When Dreams of Peace Were Shattered
VERY few people expected 1914 to be anything other than an ordinary year. The future, in fact, looked uncommonly bright to people in the preceding years. Science was on the advance against disease. And war? Well, as the Vatican newspaper L’Osservatore Romano said in February 1991, before 1914 the public “believed that war had been relegated to the furthest recesses of historical memory” and that man was at last living in “an era in which war had been banned by enlightened peoples and governments.”
However, 1914 and the ensuing years had some cruel surprises in store for a complacent humanity. The first was the so-called Great War of 1914-18 that shattered the dreams of peace. In fact, L’Osservatore Romano called it “the first great carnage of modern history, marked, among other things, by technical discoveries that great scientists of former generations had believed to be devoted to peaceful aims.” The war made a mockery of science as a means to achieve peace; instead, science gave the war its unprecedented capacity for wholesale slaughter.
And when the carnage of war was over, another slaughter began.

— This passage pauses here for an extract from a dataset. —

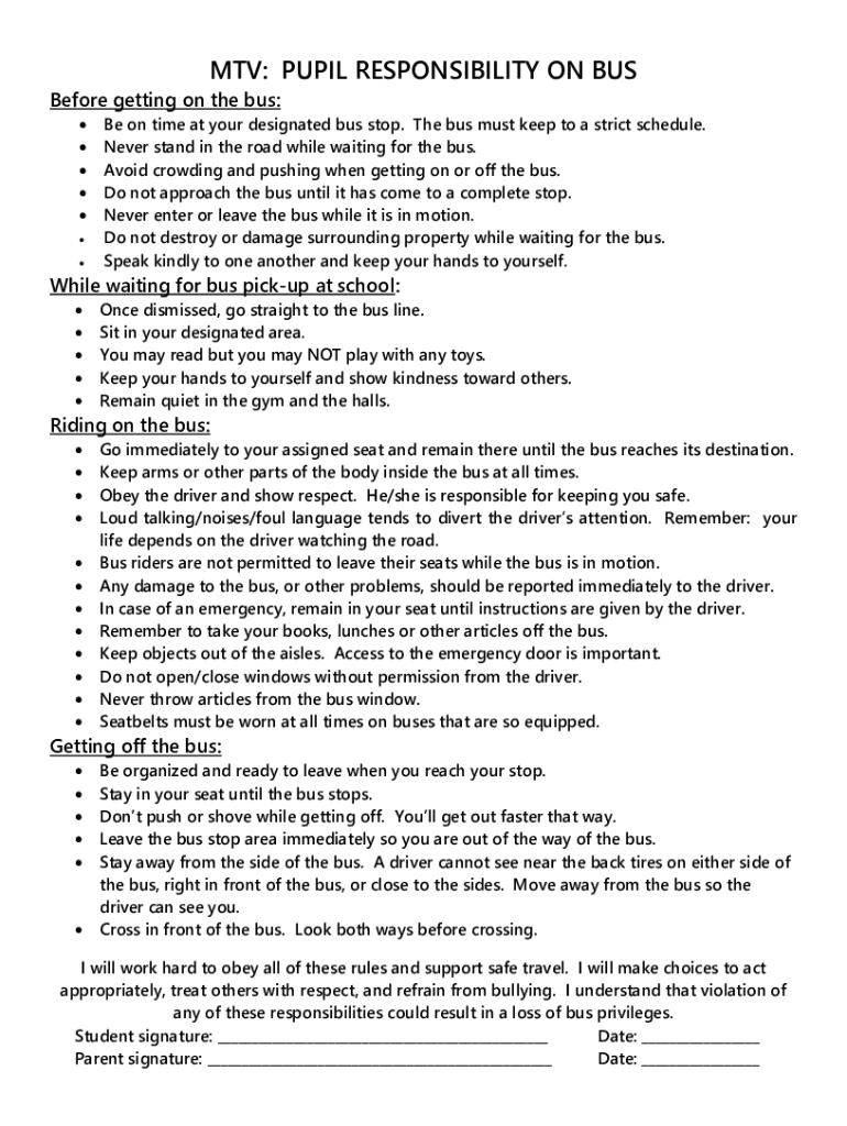 MTV: PUPIL RESPONSIBILITY ON BUS Before getting on the bus: Be on time at your designated bus stop. The bus must keep to a strict schedule. Never stand in the road while waiting for the bus. Avoid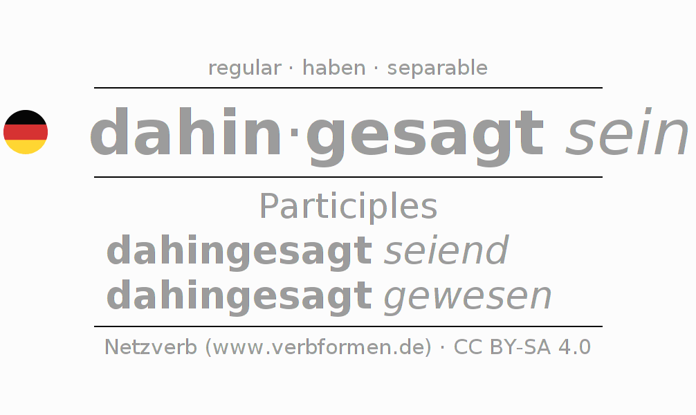 The conjugation of dahinsagen in Participle Present Perfect part of speech Statal Passive is dahingesagt seiend, dahingesagt gewesen.The conjugation corresponds to certain grammatical rules. Likewise the requirements for the conjugation of the simple verb forms of dahinsagen in Participle. Comments ☆

The Spanish influenza of 1918-19 killed over 20 million people—far more than the awesome death toll of the Great War itself. Desperate measures were taken; spreading the disease was declared a crime in some countries. Police even arrested people for sneezing in public! But to no avail. Like a hurricane, the disease swept along unhindered until it had spent itself. Entire towns were wiped out. Bodies were stacked up in city morgues.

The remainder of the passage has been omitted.